Hi, I’m hoping to hear from people who are severe or very severe with Myalgic Encephalomyelitis about your experiences with relationships.
I’ve been sick for about 8 years, and the last 8 months I’ve been in a prolonged, severe crash. I’m mostly bedbound, often can’t tolerate light or sound, and am very limited verbally.
I’ve lost pretty much everything when I first got sick — friends, family connection, and my world has become very small. At the moment, my support workers are really my only consistent human contact. No drs or care team.
I’m often too unwell to engage with social media or groups, which makes things feel even more isolating.
I’m in my 30s now (got sick in my 20s), and I honestly feel. .invisible, I guess. I’m someone who is genuinely okay in my own company, but I also feel like I still have a lot to give, and I still want to be able to share life with someone.
Realistically, it feels like the chances of that happening in my situation are incredibly low. So I’m not really looking for reassurance — I’d just really value hearing real experiences from others who are this severe.
Have you been in a relationship while severe/very severe?

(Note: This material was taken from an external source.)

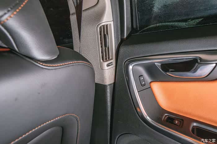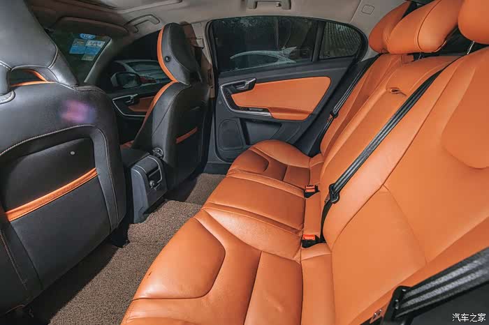 沃尔沃的座椅还是蛮舒服的,真皮座椅,第二排中间有头枕,好评一个,虽然说不起眼但是长途驾驶对中间乘客很关键。

How did you meet your partner (if you did)?
What does your relationship look like day to day?
If it hasn’t happened for you, how do you navigate that emotionally?
Even brief replies are really appreciated — I know how much energy it takes just to exist at this level.
It is genuinely disheartening not being able to show up in the world the way you want to, so thanks if you use your precious energy to reply.